SAN FRANCISCO (Reuters) - Arm Holdings (ARM) expects its share of the global market for data center central processing units to surge to 50% by the end of the year, up from about 15% in 2024 with gains driven by the boom in artificial intelligence, a senior executive said.
Arm's CPUs are often used as a "host" chip inside of an AI computing system and act as a kind of traffic controller for other AI chips. Nvidia, for example, uses an Arm-based chip called Grace in some of its advanced AI systems which contain two of its Blackwell chips.
Arm's tech in many cases offers lower power consumption than rival processors made by Intel and Advanced Micro Devices, Mohamed Awad, Arm's infrastructure chief, told Reuters.
As AI data centers use huge amounts of electricity, Arm's chips have become increasingly popular among cloud computing companies.
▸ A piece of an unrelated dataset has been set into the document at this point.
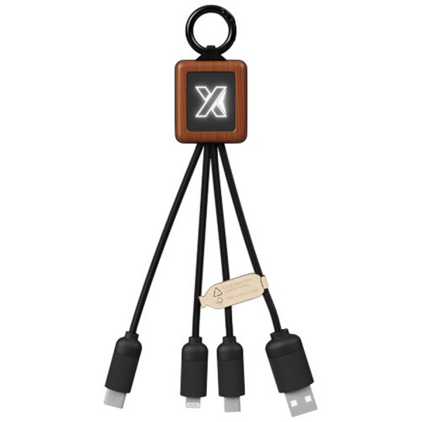 Dřevěný kabel 3 v 1 se světelným logem a 3 konektory (Type-C / micro USB / iPhone) a dráty vyrobene z recyklovaného PET plastu. Kabel může nabíjet až 3 přístroje současně. Patent EUROPE EUIPO.

Awad added that data center chips often use more of Arm's intellectual property and the company typically receives "a lot higher aggregate royalty rate" than chips for less complex devices.
UK-headquartered Arm, which is 90% owned by Japan's SoftBank Group, does not make chips itself but sells the fundamental building blocks and other intellectual property to cloud computing companies and firms like Apple and Nvidia to use to design chips for laptops, smartphones and data center processors.
Arm generates revenue by billing companies for a license to use its tech and collects royalty payments for each chip sold.
It struggled to make headway in the lucrative data center market for nearly two decades as switching over from the once-dominant x86 chips made by Intel and AMD means clients have to rewrite software as well as change up parts of hardware.
"We've gotten to the point where software is actually being developed for Arm first and foremost," said Awad.
Amazon.com has designed in-house data center CPUs with Arm tech that accounted for more than half of the capacity for chips it added over the last two years, Amazon said in December.
Alphabet's Google and Microsoft have also made Arm-based data center chips, though their efforts are more recent than Amazon's.